Like the stage sets he so cleverly devised for the show boat, Gaylord Ravenal had a gift for painting about himself the scenery of romance. These settings, too, did not bear the test of too close scrutiny. But in a favourable light, and viewed from a distance, they were charmingly effective and convincing.
His sense of the dramatic did not confine itself to the stage. He was the juvenile lead, on or off. Audiences adored him. Mid-western village housewives, good mothers and helpmates for years, were, for days after seeing him as the heroic figure of some gore-and-glory drama, mysteriously silent and irritably waspish by turn. Disfavour was writ large on their faces as they viewed their good commonplace dull husbands across the midday table set with steaming vegetables and meat.

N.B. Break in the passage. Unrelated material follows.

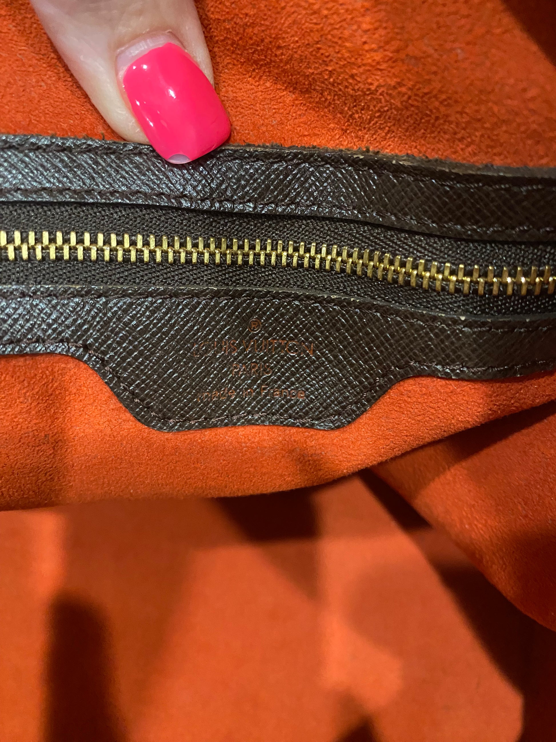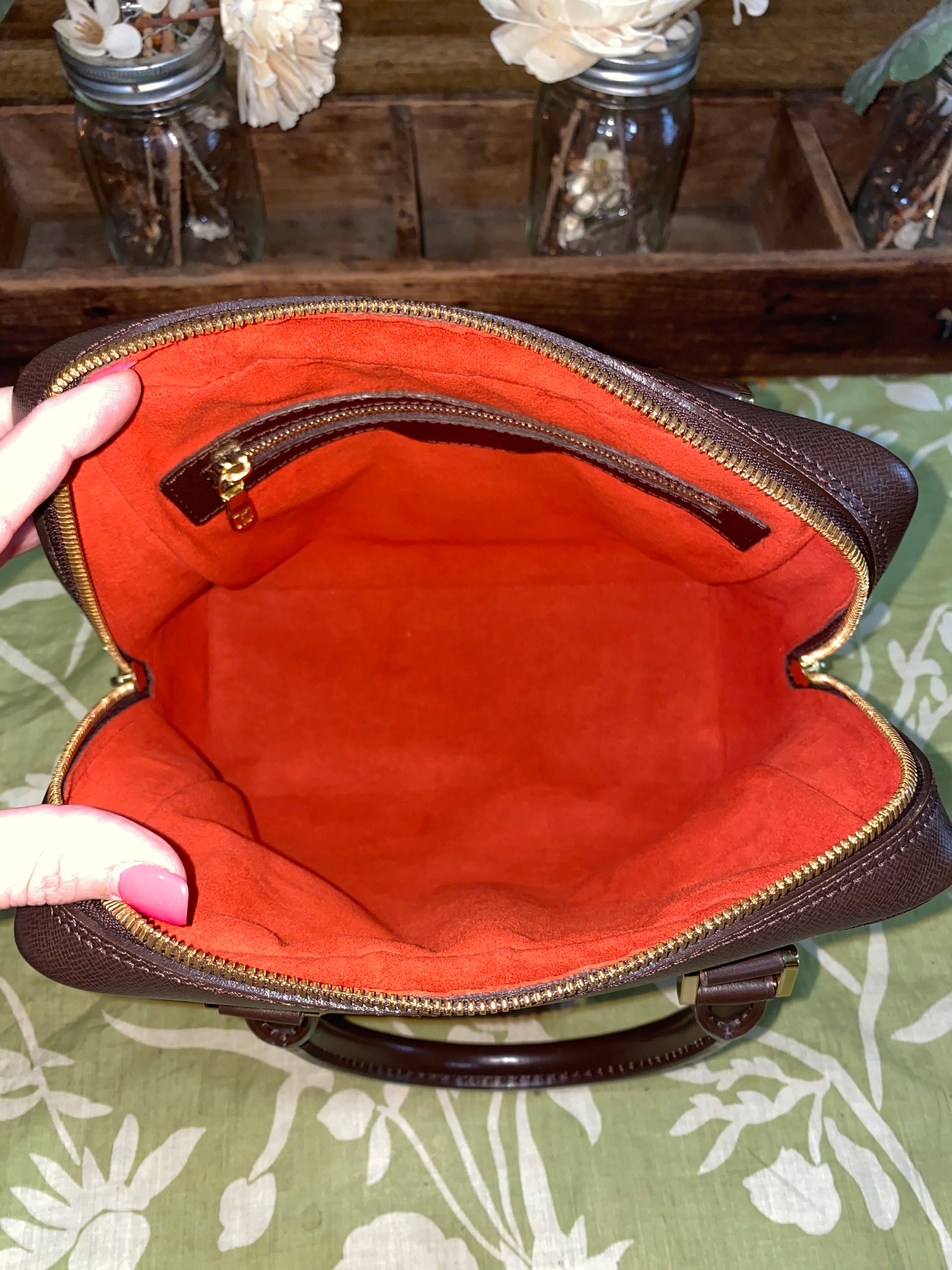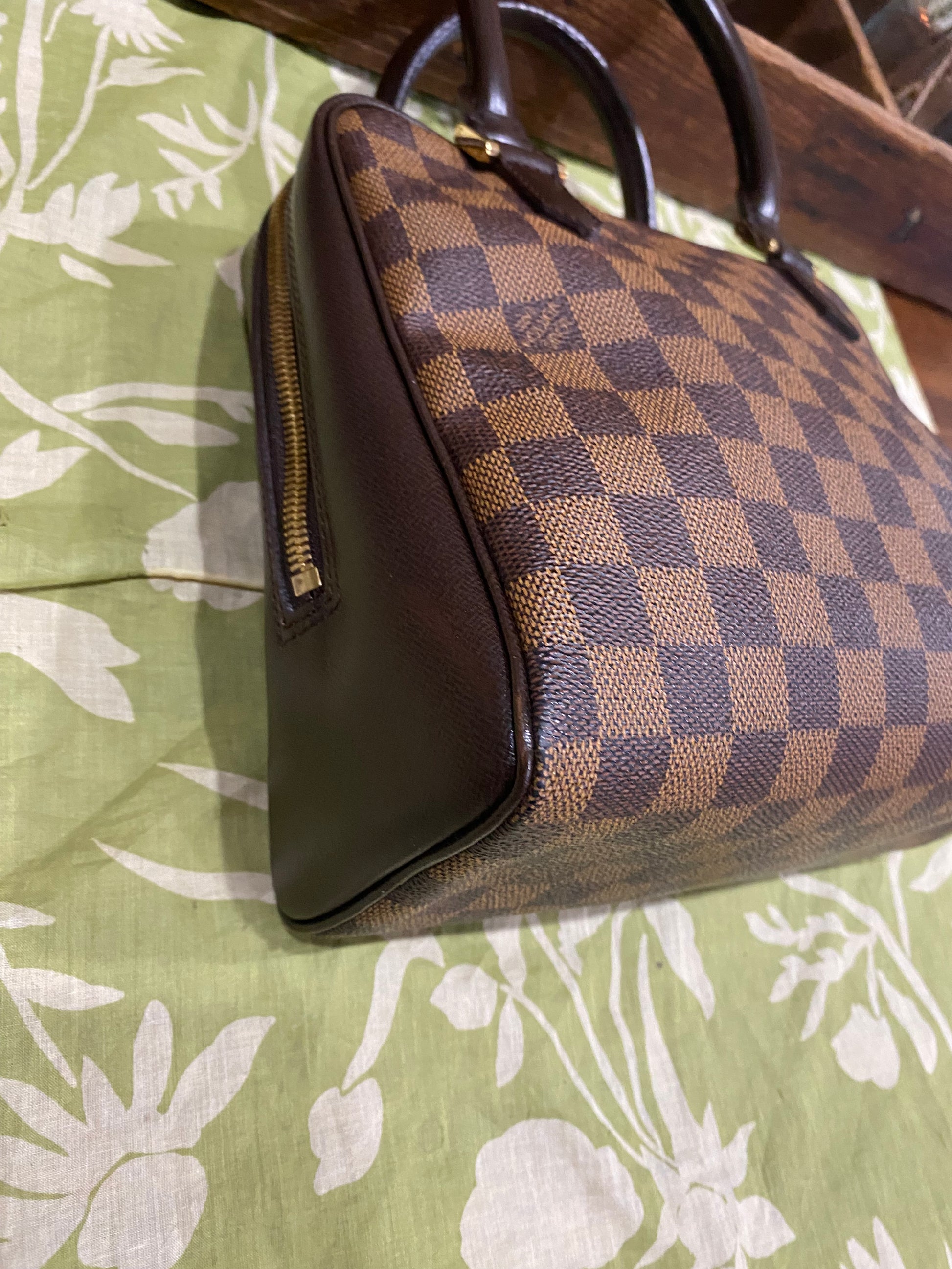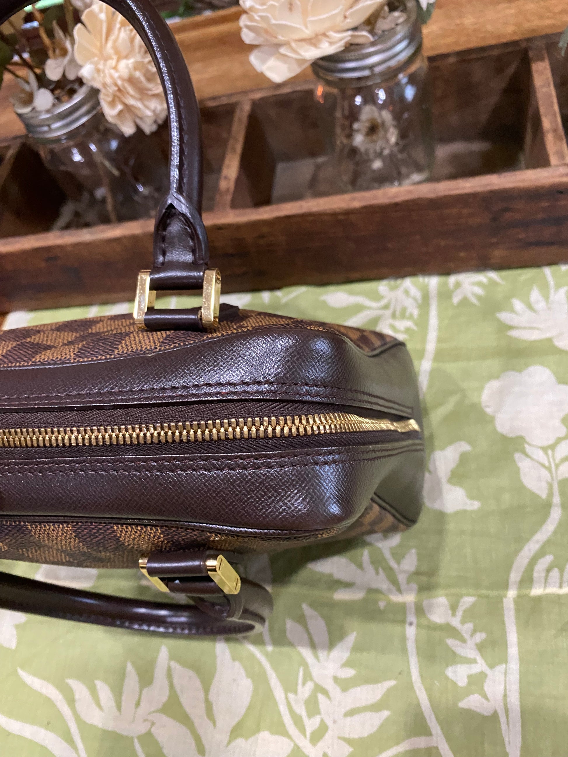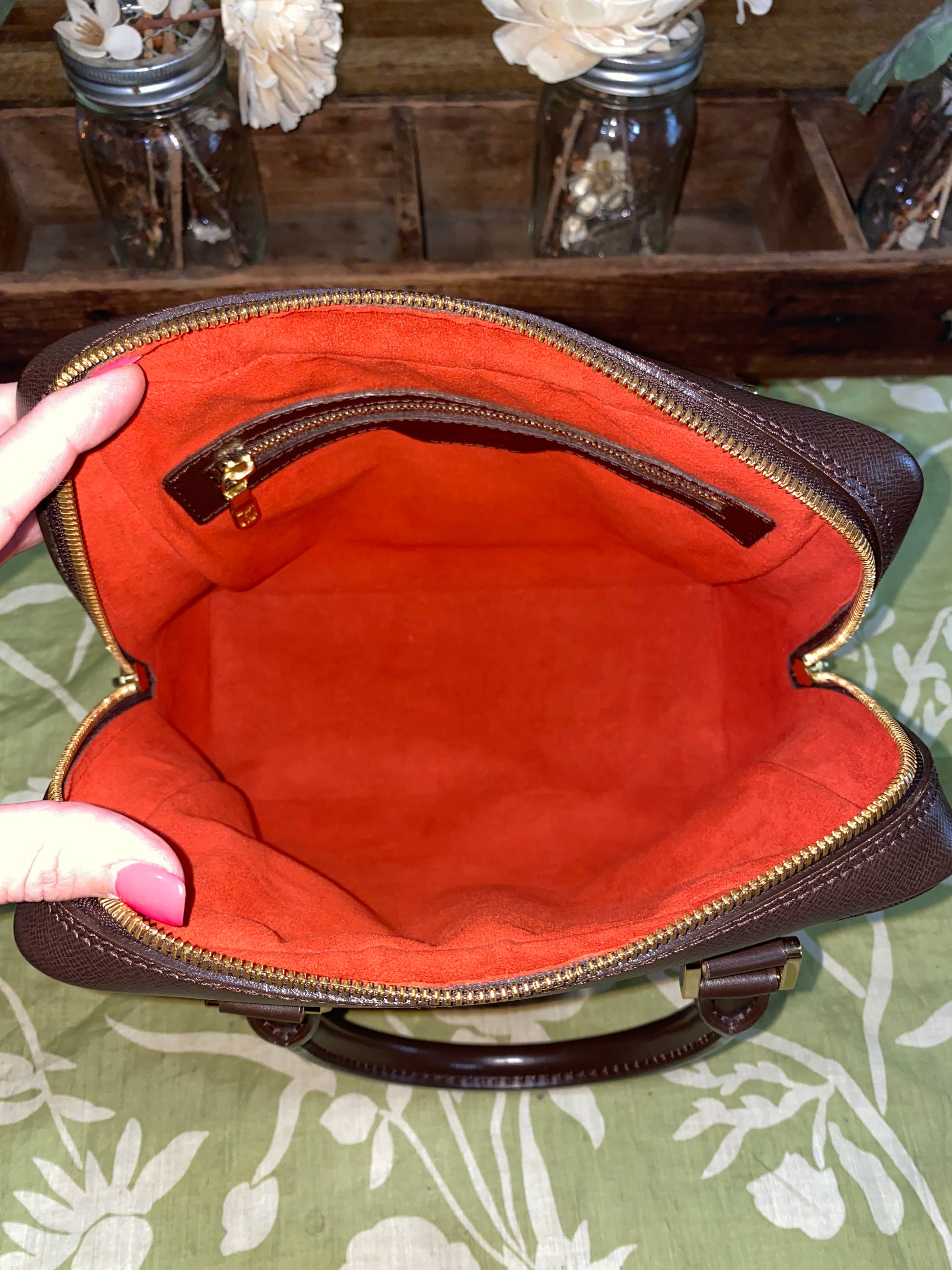 Beautiful condition❤️ Canvas is free of cracking or tears, print is vibrant, handles are clean and look amazing, leather piping has minimal rubs, interior shows signs of normal light use, has pen mark inside the zippered pocket, zippers run smooth, hardware is shiny, no foul smells.

“Why’n’t you shave once in a while middle of the week,” they would snap, “ ’stead of coming to the table looking like a gorilla?”
Mild surprise on the part of the husband. “I shaved Sat’dy, like always.”
“Lookit your hands!”
“Hands? . . . Say, Bella, what in time’s got into you, anyway?”
“Nothing.” A relapse into moody silence on the part of Bella.
Mrs. Hawks fought a good fight, but what chance had her maternal jealousy against youth and love and romance? For a week she would pour poison into Magnolia’s unwilling ear. Only making a fool of you . . . probably walk off and leave the show any day . . . common gambler . . . look at his eyes . . . murderer and you know it . . . rather see you in your grave. . . .
Then, in one brief moment, Ravenal, by some act of courage or grace or sheer deviltry, would show Parthy that all her pains were for nothing.
That night, for example, when they were playing Kentucky Sue. Ravenal’s part was what is known as a blue-shirt lead—the rough brave woodsman, with the uncouth speech and the heart of gold. Magnolia, naturally, was Sue. They were playing Gains Landing, always a tough town, often good for a fight. It was a capacity audience and a surprisingly well-behaved and attentive. Midway in the play’s progress a drawling drunken voice from the middle of the house began a taunting and ridiculous chant whose burden was, “Is ’at so!” After each thrilling speech; punctuating each flowery period, “Is ’at so!” came the maddening and disrupting refrain. You had to step carefully at Gains Landing. The Cotton Blossom troupe knew that. One word at the wrong moment, and knives flashed, guns popped. Still, this could not go on.